Optimised Transcranial Magnetic Stimulation (TMS) for Obsessive Compulsive Disorder (OCD)

Participants will complete an initial clinical and cognitive assessment at the Epworth Centre for Innovation in Mental Health, followed by a baseline imaging session at the Royal Melbourne Hospital. The imaging session will comprise of a resting-state fMRI (rfMRI) paradigm, a structural MR image (T1), a Diffusion Tensor Image (DTI) and a clinical scan. Participants will then be pseudo-randomly assigned to receive (i) optimised TMS (TMS to the right frontal pole (FP), supplementary motor area (SMA) and superior frontal gyrus (SFG)); (ii) non-optimised TMS (stimulation to the right FP alone) or (iii) placebo (sham) stimulation. The optimised condition targets multiple areas in the brain (rFP, SMA,SFG) believed to be involved in OCD symptomology.
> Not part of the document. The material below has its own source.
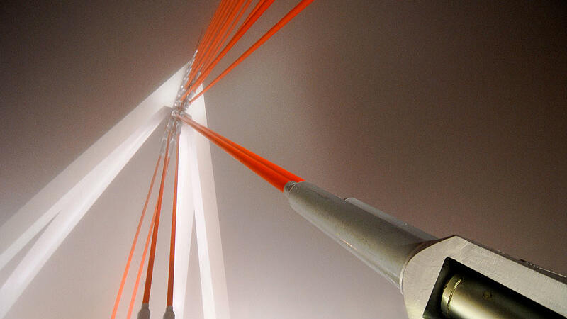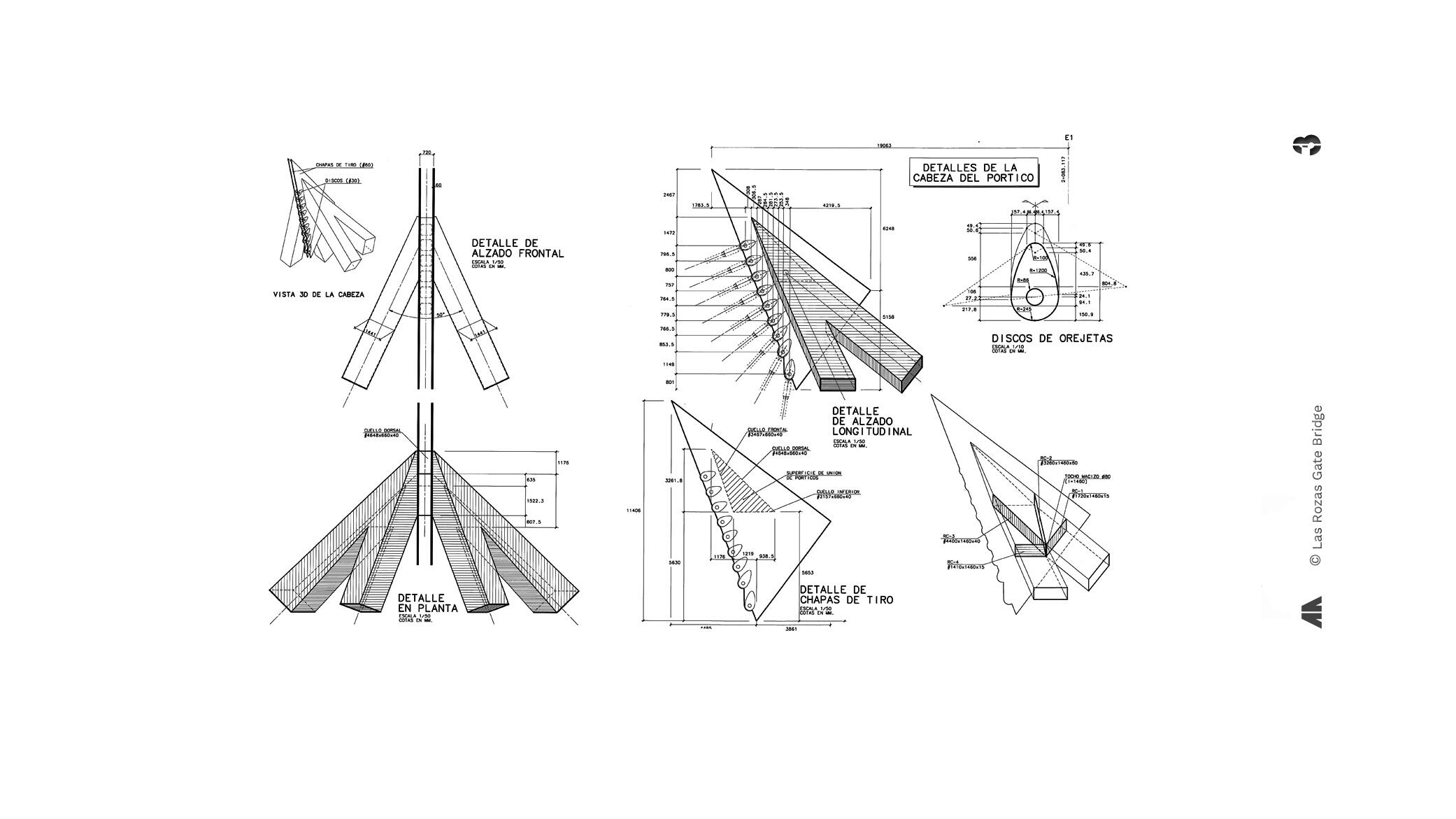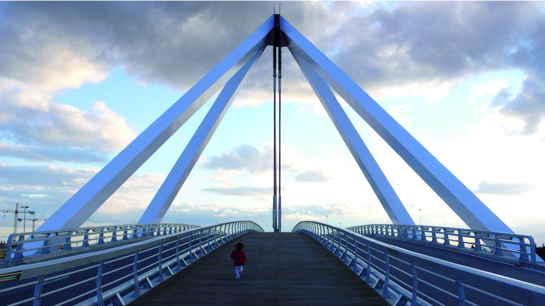 This asymmetrical bridge is configured with a 45 meters height, 39 of them over the deck, and with a central suspension plane composed by 9 pairs of stays, which are anchored on the top of the mast to a triangular red element for transmitting the forces to the frame-mast, materialized by two inclined white “set-squares” linked in its top vertex.

The non-optimised condition only targets the right FP. Pseudo randomisation will be used to ensure that participants across the three groups are match on age, gender, handedness, IQ and baseline symptom severity score. Within the week following the MRI scan, participants will begin a 3-week protocol of TMS called continuous theta burst stimulation (cTBS). cTBS will be provided as 3-pulse 50 - Hz bursts applied at 5 Hz (ie 50 Hz burst of 3 pulses delivered every 200 msec). The TMS intervention itself will go for between 40 seconds and approximately 2 minutes depending on the treatment condition. The TMS treatment will be administered by registered nurses. Participants will not be told which treatment group (optimal, non-optimal, sham) they have been assigned to, and all 3 conditions (2 active, 1 sham) will have a similar duration and dose to avoid unblinding.